- _WHAT THE TASK REQUIRES_
Reproduce exactly, and only, the lines of the material below running from the line bearing "الثالث: محمد بن" through the line bearing "A small Chinese". Leave any pictures out.

- _DATA PROVIDED_
____________________

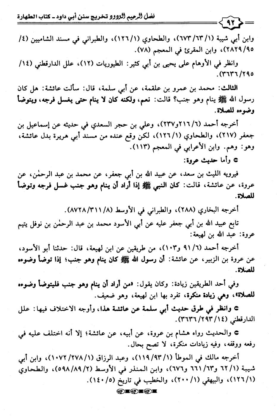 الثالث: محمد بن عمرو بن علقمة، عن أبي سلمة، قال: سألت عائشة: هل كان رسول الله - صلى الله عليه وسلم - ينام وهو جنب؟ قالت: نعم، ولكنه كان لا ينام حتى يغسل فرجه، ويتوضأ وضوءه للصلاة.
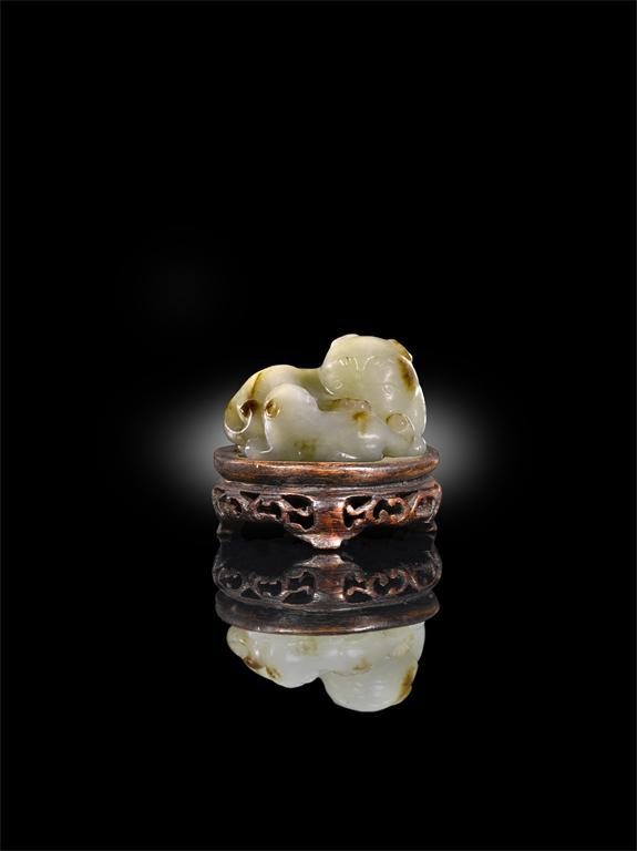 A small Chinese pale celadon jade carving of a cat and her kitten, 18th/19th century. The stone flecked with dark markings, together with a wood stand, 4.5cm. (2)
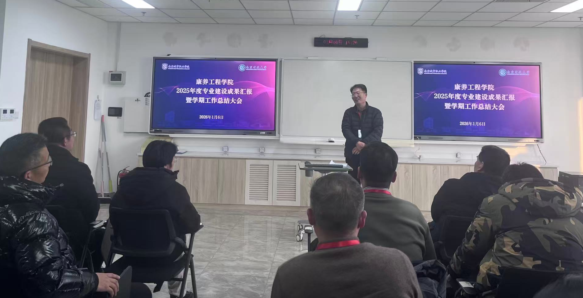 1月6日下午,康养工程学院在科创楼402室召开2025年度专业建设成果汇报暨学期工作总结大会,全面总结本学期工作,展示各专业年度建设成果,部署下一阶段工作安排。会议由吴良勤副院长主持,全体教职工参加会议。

____________________

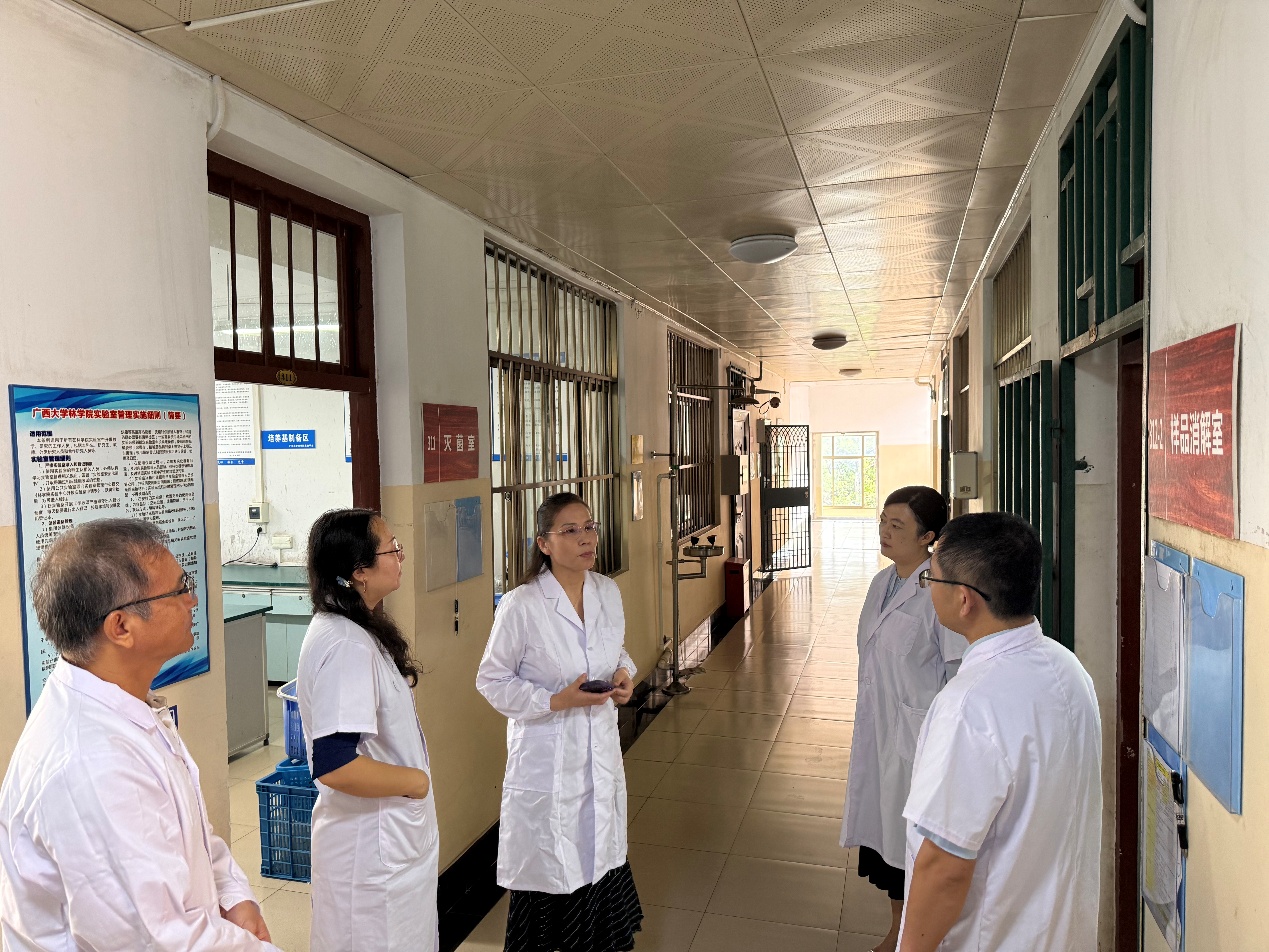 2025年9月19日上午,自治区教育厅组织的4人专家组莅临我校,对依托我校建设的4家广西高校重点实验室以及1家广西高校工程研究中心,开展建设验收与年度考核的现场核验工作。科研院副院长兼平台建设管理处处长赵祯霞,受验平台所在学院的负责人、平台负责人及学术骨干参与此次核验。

____________________

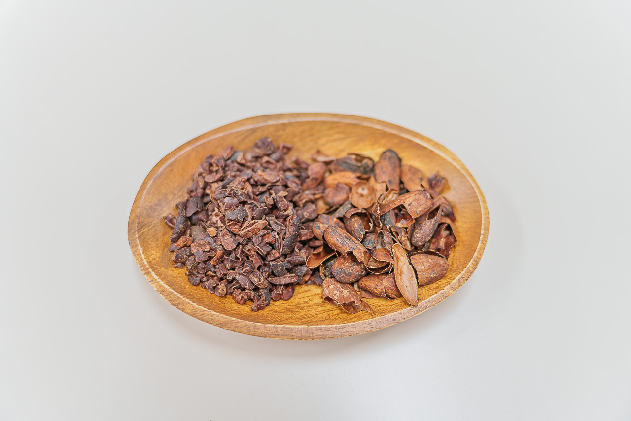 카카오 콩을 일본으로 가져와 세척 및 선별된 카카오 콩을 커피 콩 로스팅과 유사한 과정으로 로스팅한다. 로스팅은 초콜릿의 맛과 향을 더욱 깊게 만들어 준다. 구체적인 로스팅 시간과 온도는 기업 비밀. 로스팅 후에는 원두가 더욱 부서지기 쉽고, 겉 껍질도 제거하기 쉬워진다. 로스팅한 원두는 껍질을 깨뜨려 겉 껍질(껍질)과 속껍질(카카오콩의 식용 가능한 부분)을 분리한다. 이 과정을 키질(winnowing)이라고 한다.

____________________

- _RESPONSE AREA_
 الثالث: محمد بن عمرو بن علقمة، عن أبي سلمة، قال: سألت عائشة: هل كان رسول الله - صلى الله عليه وسلم - ينام وهو جنب؟ قالت: نعم، ولكنه كان لا ينام حتى يغسل فرجه، ويتوضأ وضوءه للصلاة.
 A small Chinese pale celadon jade carving of a cat and her kitten, 18th/19th century. The stone flecked with dark markings, together with a wood stand, 4.5cm. (2)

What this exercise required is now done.